Today is a lucky day to have this once in a bluemoon meal. Clams are very rich in iron, in fact about 9 to 12 pieces of this would provide 24 milligrams of iron.
Let us set aside the nutritional facts for the mean time. I am very lucky to this meal for today as it has been years since I had one. So there was this young lady who strolls around in the morning to sell the clams. And since she went by earlier than the time I go out of the house to but something for lunch, I choose to buy from her instead.
And there was my three year old son holding the clams in plastics like he would like to open and play with it on the floor.
Help yourselves. One bowl of yummy clams for the blogger.

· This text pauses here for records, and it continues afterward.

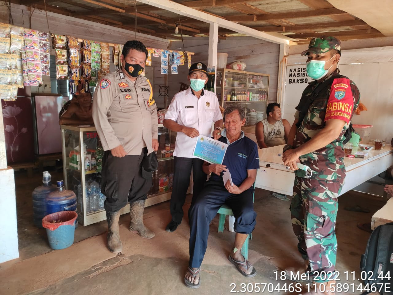 Kendawangan– Bhabinkamtibmas Polsek Kendawangan Polres Ketapang Bripka Leo Gedung dan Babinsa Suka Harapan melaksanakan pengamanan kegiatan pendistribusian dana BLT Dana Desa tahap I, II dan III Tahun 2022 di Desa Suka Harapan Kec. Kendawangan Kabupaten Ketapang, Rabu (18/05/2022).
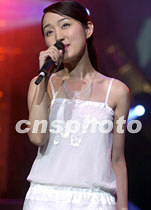 “同一首歌──走進澳門”演唱會十二日晚在澳門文化中心舉行,來自中國內地、香港、臺灣、澳門的眾多新老歌星同臺演出,吸引眾多觀眾。圖為來自內地的青春玉女歌星楊鈺瑩在演唱會上演唱。中新社傳真 宗金柱 攝
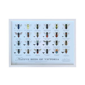 A series of superbly illustrated Native Bee posters for most Australian States and Territories showcasing the native bees of the region. With keen scientific detail, magnified diagrams and a silhouette depicting the actual size of each bee, not only are these posters a talking point for your home, but they are a thoughtful reminder of the many native insects that may call your garden home. A2 posters fits a standard A2 frame. Available posters include Native Bees of New South Wales, Queensland, Victoria, South Australia, Tasmania, Western Australia, Australian Capital Territory and the Northern Territory. Information on posters may vary with updated scientific information.

Clams have more iron than beef, surprisingly this can provide 24 milligrams of iron which is more than RDA 18 milligrams for pre menopausal women and 8 milligrams per day for men and post menopausal women. Should you want to combat or prevent anemia, having clams on your meal rotation would help a lot. In addition, it is also a good source of potassium, zinc, copper, phosphorus, manganese and selenium.
Another good thing to know about clams is that is a great alternative for oily fish that gives fish oil. A 100 grams of it would provide 140 milligrams of omega-3 fatty acids. So if your tired of having oily fish on your meal, here is a good alternative.
In the future, I should have this at least once a month to maximize benefits from the clams.